LEADING INDUSTRY COLLABORATIONS
While no viable solution has yet gained the critical mass yet to convert an entire industry to digital, banks such as DBS have led and co-created solutions at both industry and customer levels. “We have seen increased interest from our corporate clients to collaborate in creating new digital solutions that can benefit their ecosystem of suppliers and customers. There is also a greater appreciation that collaboration amongst banks, that might otherwise compete, is possible in specific areas for the greater good of creating an efficient and robust environment for all,” says Muthukrishnan. In risk management, DBS led an effort with Standard Chartered to create the Trade Finance Registry – a pilot industry “proof of concept” utility for fraud detection which was hosted on #dltledgers’ platform. “We have also collaborated with customers such as Rio Tinto on the blockchain Contour platform to facilitate the use of digital letters of credit,” he says.
Trade finance is complex and multilayered – with multiple platforms competing in each area to become the next industry standard.

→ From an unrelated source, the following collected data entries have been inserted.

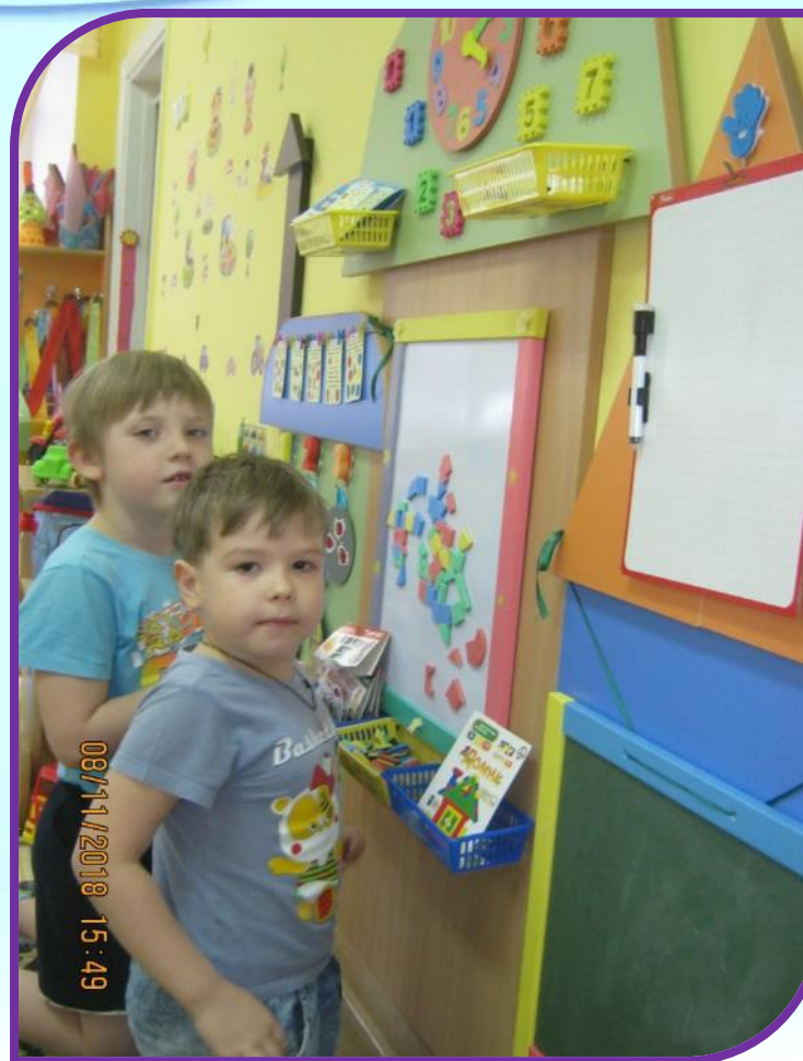
Магнитный конструктор. «Построй домик»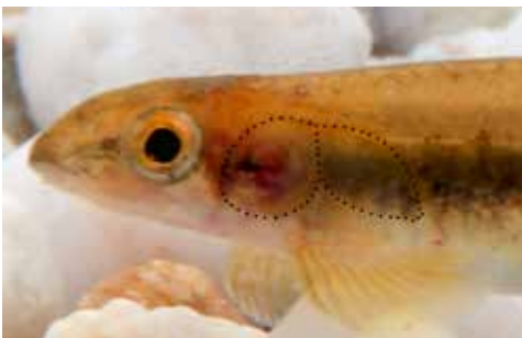
Abb. 6. Kneria sp. nov. – Schwarze Punkte markieren die Position des Occipitalorgans.

Die Vorkommen im Einzugsgebiet des Crocodile River befinden sich auf Seehöhen zwischen 1.100 und 1.400 m. Die Bäche sind meist 2 bis 3 m breit und bis zu 1 m tief, führen klares, kühles Wasser (< 20 °C) und weisen ein moderates Gefälle auf. Das Bachbett enthält Kies und mit Algen bewachsene Steine. Wie der Autor beim Schnorcheln in einem der Bäche (Elandspruit) beobachten konnte, schwimmen die Ohrenfische in gemischten Schwärmen mit einer kleinen Barbenart ( Enteromius anoplus ). Ohrenfische bis zu einer Gabellänge von 2 cm ernähren sich von Wirbellosen, größere Tiere (die Maximallänge beträgt ca. 7 cm) leben von Aufwuchs, insbesondere Kieselalgen. Die Länge des Darms in Relation zur Körperlänge nimmt nach dem Wechsel zur pflanzlichen Nahrung zu. Eine lange Laichperiode (Oktober bis April) kompensiert die Verluste von Eiern und Brut während der sommerlichen Überflutungen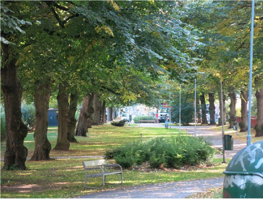
Kuva 5. Näkymä uuden amurilaiskerrostalon ikkunasta lähipuistoon. Kuva: Hannele Kuitunen 2018, kaikki oikeudet pidätetään.

Puusta rakennettuun korttelikaupunkiin liitettiin myös erilaisia aistimuistoja. Mieleen olivat jääneet esimerkiksi haju huussien tyhjennyspäivänä, hevosen hiki, kavioiden äänet kenttäkivetyillä kaduilla, laivan sireeni tai lähellä kulkevan junan kolina. Purkamiseen liittyi erään haastateltavan muistoissa kostean sahanpurun haju. 80 Saneeraus ei hävittänyt tätä katujen aistittua tilaa, vaan muutti sitä. Amurissa kuuluivat 1970-luvulla edelleen laivojen sireenit, junien, autojen ja Särkänniemen kalliolle rakennetun huvipuiston äänet. Hevosten kavioiden kopse katosi lopullisesti vasta 1970-luvun kuluessa.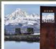
ป่ากลางเจียงตู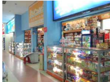
売店ではお菓子や飲み物の他に、新聞やお土産物もあります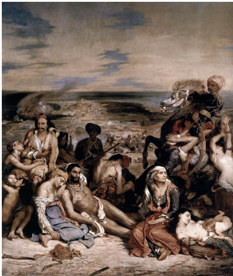
کشتار خیوس، اثر اوژن دلاکروا

شاید در ادامه‌ی همین رخدادها بتوان از واکنش بومیان در برابر مهاجمان امپراتوری هم یاد کرد. در یازدهم فروردین ۱۳۲۱ ژاپنی‌ها در جریان جنگ جهانی دوم به جزیره‌ی کریسمس که مستعمره‌ی انگلستان بود حمله بردند و غربی‌ها را راندند. در همین روز در ۱۳۳۸ دالایی‌لما به دنبال حمله‌ی چینی‌ها به کشورش از تبت گریخت و به هند پناهنده شد. در همین روز به سال ۱۳۵۸ آخرین سرباز انگلیسی جزیره‌ی مالتا را ترک کرد و این مستعمره نیز استقلال خود را باز یافت. آخرین رخداد از این رده بیست و پنج سال قبل رخ داد و آن وقتی بود که کمونیسم شوروی فرو پاشید و در همین روز در ۱۳۷۰ همه‌پرسی‌ای در گرجستان برگزار شد و ۹۹٪ مردم به جدایی از شوروی و استقلال گرجستان رای دادند، هرچند شرایط ایران جنگ‌زده‌ی درگیر ایدئولوژی‌های مذهبی به شکلی نبود که این استان کهنسال مسیحی به دامان ایران زمین بازگردد و از آن هنگام به صورت کشوری کوچک با سیاستی آشفته درآمد.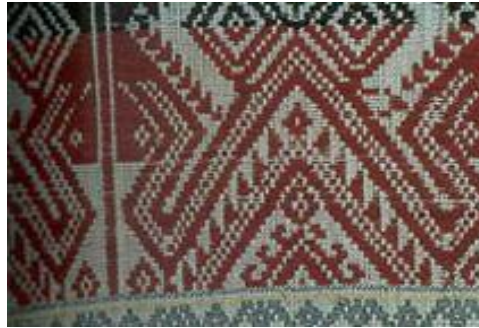
ลายพญานาคหรืองู และปราสาท ผ้าชิตลายนาคและปราสาท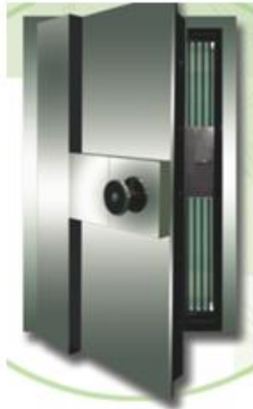
Cửa kho Ngân Hàng cấp 1,2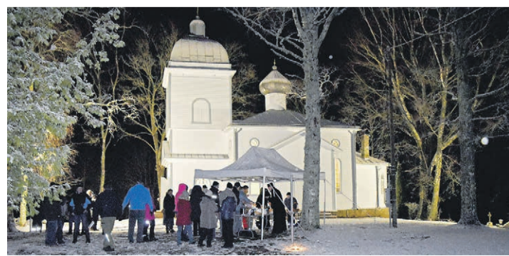
Luhamaa kerf vahtsõh vuudreh.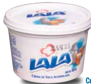
LALA Crema de vaca acidificada, 200 ml y 450 ml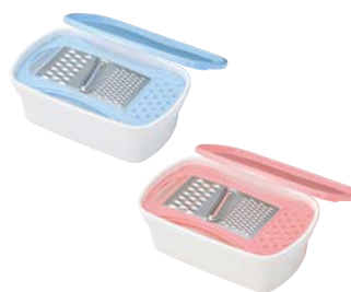
保存容器になる マルチおろし器 30872-209 (000600)

ご提供価格 ¥158 税別 発送単位 48枚 商品サイズ φ165×20mm 個装形態 化粧箱(25×166×168mm) 材質 陶器 種類 クマ・シロクマ・トリ・ネコ・ プタライオン 6種取混ぜ 備考 カートン割れ不可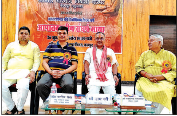
कार्यक्रम के दौरान मंच पर मौजूद अतिथि।

वहां पर मौजूद लोगों को संबोधित करते हुए उन्होंने बताया कि आपातकाल की संघर्ष गाथा आज की युवा तरुणाई को जानना चाहिये। आपातकाल की संघर्ष गाथा को उस समय के लोगों के मुखावर बिंदु से सुनकर हम सभी के अंदर राष्ट्रभक्ति के संचार के साथ साथ नई ऊर्जा और राष्ट्रीय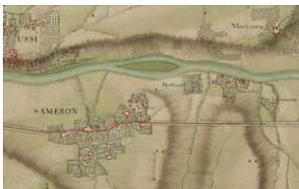
La route royale de Paris jusqu'en Allemagne traversant Sammeron

Daniel-Charles Trudaine, directeur des Ponts et Chaussées, créé en 1744 un Bureau des Dessinateurs pour centraliser l'ensemble des plans, notamment ceux parvenus de province. Ces cartes en couleurs réalisées entre 1745 et 1780 forment un atlas dit «de Trudaine» conservé aux Archives Nationales. C'est le premier maillon d'un processus qui aboutit à la restauration et à la mutation du réseau routier sous le règne de Louis XV. Ces plans permettent alors de définir la durée des travaux de corvée et d'établir le coût des aménagements, qui sont ou non validés par le roi.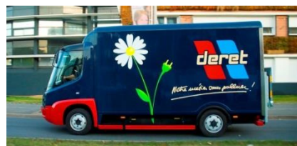
Les véhicules sont fournis par la société Deret d'Orléans

L'ELU est tout simplement une plate-forme logistique intermédiaire, où les marchandises sont déposées. Un camion électrique les prend en charge, et va livrer une bonne dizaine de magasins à la fois. Avantage, moins d'embouteillages, et moins de pollution. Trente et un point de vente, Séphora, Lafuma, Dior, L'Oréal, Marionnaud etc, sont ainsi livrés, depuis le mois de Mars, ce qui représente deux-cent-cinquante palettes et près de mille cinq-cents colis livrés chaque mois. Deux camions électriques sont sur la nouvelle plate-forme, ce qui permet une économie de quatorze tonnes par an de gaz à effet de serre.

SWIFT currently links over 11,000 financial institutions and corporates around the world, and recently signed a Memorandum of Intent (MOI) with Singapore’s Infocomm Media Development Authority (IMDA) on global trade digitalization.
Meanwhile, new ventures attempt to disrupt this incumbent model, giving the decades-old consortium a run for its money. “We may get regional platforms, such as one for Singapore or one for the EU, or industry specific-platforms,” says Hauke, noting “I don’t think anyone can tell at this point which one will eventually prevail. You see lots of venture capital activity in this space for that reason.”
“Such a solution would have to be robust, secure, and reliable, accepted by regulatory and governing bodies in multiple geographies, become the world’s largest network of its kind, and maintain its supremacy by sharing its success with its users,” says D’Lima. No easy task indeed. When it comes to return-on-investment, there are some processes that stand to benefit the most from implementing digital – and with the help of certain standards and platforms, can often be the easiest to implement. For example, UCP 600 has created a global standardization and legal certainty to allow platforms like Mitigram to create a global marketplace for bank Letter-of-Credit distribution. “They reduce distribution costs by giving corporates access to a wider funding network, resulting in competitive pricing with low onboarding and annual costs,” says Hauke.
For cross-border transactions, the paperwork involved can be considerable, and surprisingly, much of the work is manual – with documents moved between parties in hard copy via courier. As such, digitising contracts and documents can save days or even weeks. Taking this a step further, implementing blockchain creates a single source of truth for participants, removing ambiguity and eliminating delays caused by paper documents. “On average our clients benefit from reduced cycle times by 80%, improve traceability and access to finance, and save an average of $2500 per trade,” says D’Lima.
The most effective route to cost savings though is of course digitising data at the source – when invoices and purchase orders begin their journey in a digital format. “For banks, we have had to digitise our front-end channels for a seamless customer journey, as well as updating our internal systems to accept and process digital data to improve turnaround times and maximise customer value,” says Muthukrishnan, noting that this approach has enabled more efficient straight-through-processing as well as more intelligent data-based risk mitigations and financing. No matter where you start, though, the journey towards a digital future begins with a single step.